The Extensibility Triangle That Stopped Me Over-Engineering Claude Code
Forty hours into building an MCP server that served code review prompts, a colleague dropped a markdown file in .claude/skills/ that did the same thing. Ten minutes versus forty hours. Same output.
That experience taught me something that no documentation spells out clearly enough. Claude Code has three distinct extensibility mechanisms, and they have zero overlap once you understand what each one actually does. But more importantly, the design decisions behind these three mechanisms reveal a deliberate architectural philosophy that is worth understanding before you write a single line of configuration.
The Architecture Behind Three Mechanisms
Every extension to Claude Code falls into one of three categories. They exist as separate mechanisms because they operate at fundamentally different layers of the system. This is not accidental. Each one answers a different architectural question.

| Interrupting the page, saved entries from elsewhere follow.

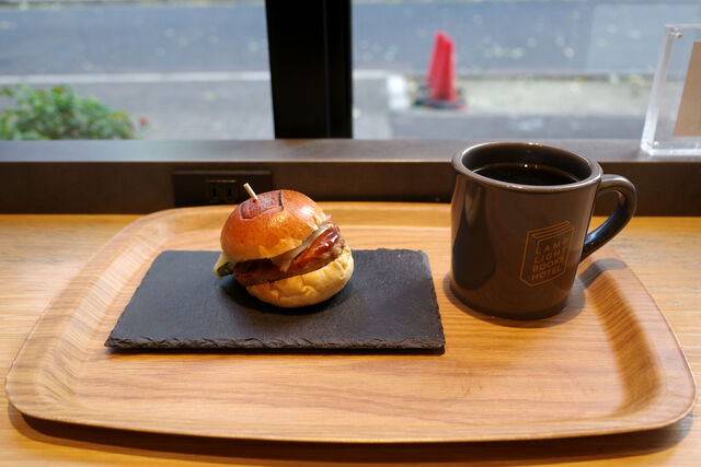ミニバーガー(アスパラベーコンチーズ)/ランプライトブックスカフェ(伏見)
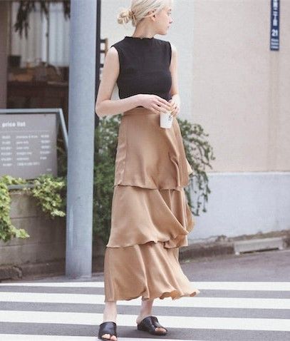 甘めな装飾スカートは、ごくシンプルに自作のワンピース感覚でコーディネート。すっきり腕を出したコンパクトなトップスをタックインすれば、スカートの構築的なデザインも引き立ち、さらなるスタイルアップ効果も実感できる。
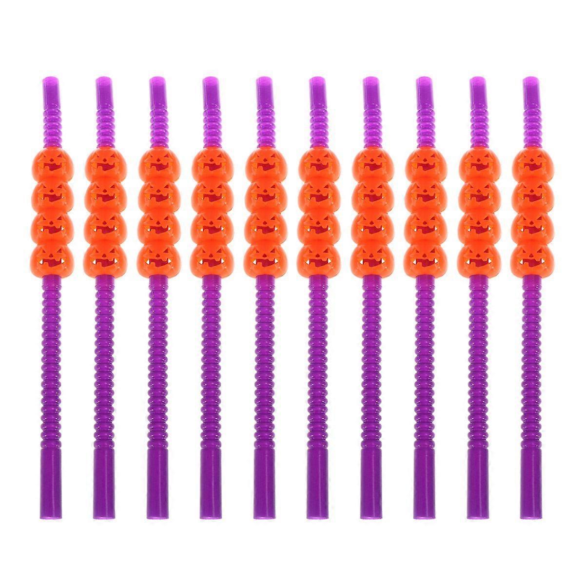 10pcs Plastic Pumpkin Straws Delicate Table Decor Spiral Straw Drinking Purple Straw for Bar KTV Beverage Store Halloween Decoration Party Favors
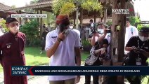 Menteri Pariwisata dan Ekonomi Kreatif, Sandiaga Uno yang berkunjung ke kawasan Candi Muaro Jambi memberikan penghargaan Anugrah Desa Wisata untuk Desa Muaro Jambi, Kecamatan Maro Sebo, Kabupaten Muaro Jambi, Jambi.
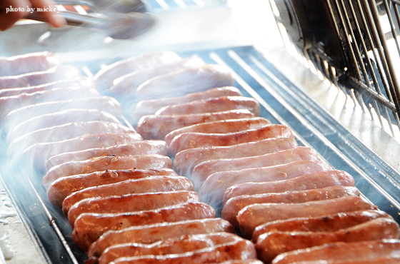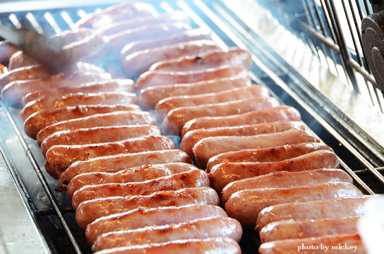 猜想是因為當香腸放在烤肉網上時~烤香腸的阿姨雖然一直忙著翻轉香腸
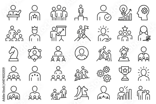 Icons of Leadership and Business: Collection of minimalist, linear icons on business concepts. Ideal for modern presentations, representing a range of professional elements.
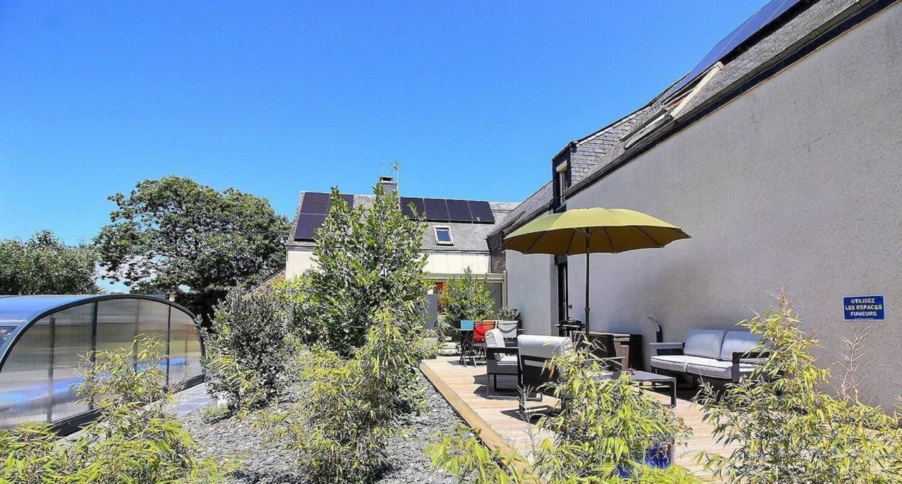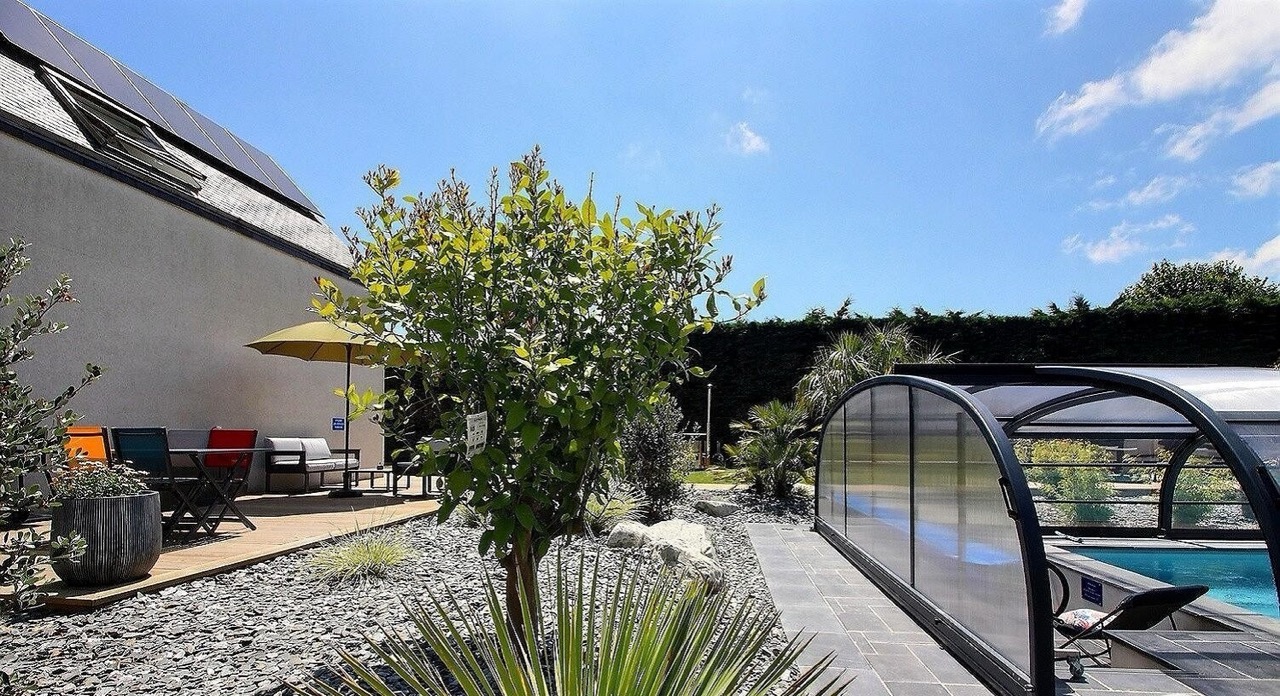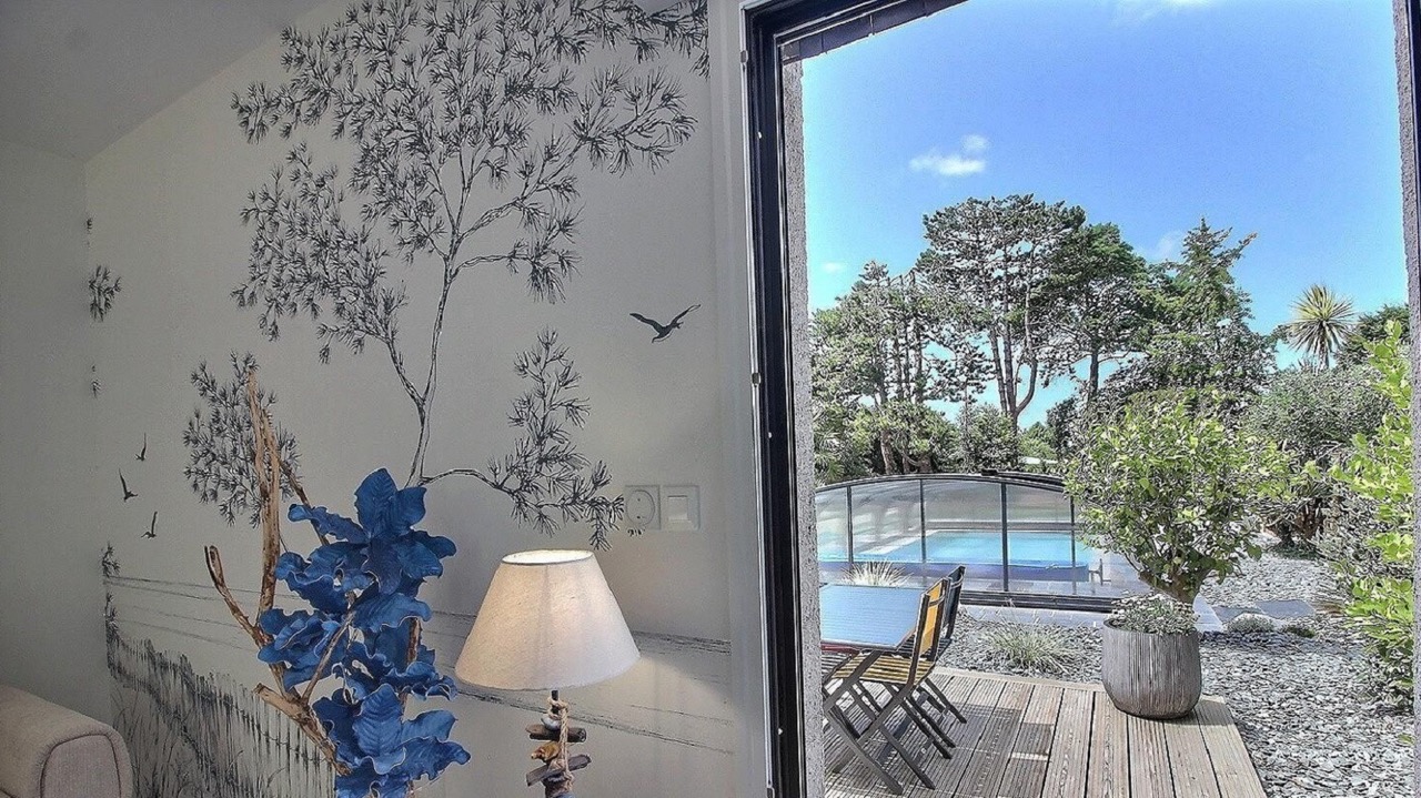 Joli appartement ambiance marine en rez-de-jardin dans maison d'architecte des années 80 proche de Paimpol avec accès direct de plain pied sur piscine couverte et chauffée du printemps jusqu'à la Toussaint dans un parc de 4000 m2 entièrement clos pour accueillir vos animaux en sécurité, situé dans le charmant petit village de Pléhédel à 7 km de la mer (plage de Brehec sur la commune de Plouha).

MCP servers answer: “How does Claude access systems outside its process boundary?” They are separate programs that communicate with Claude via JSON-RPC. The Model Context Protocol defines the wire format (tool calls, resource reads, prompt templates), but the server itself is just a program that speaks JSON over stdio or HTTP. It maintains its own connections, its own state, its own lifecycle. Claude sends a request, the server does the work, and sends back a response. Real inter-process communication with all the implications that carries.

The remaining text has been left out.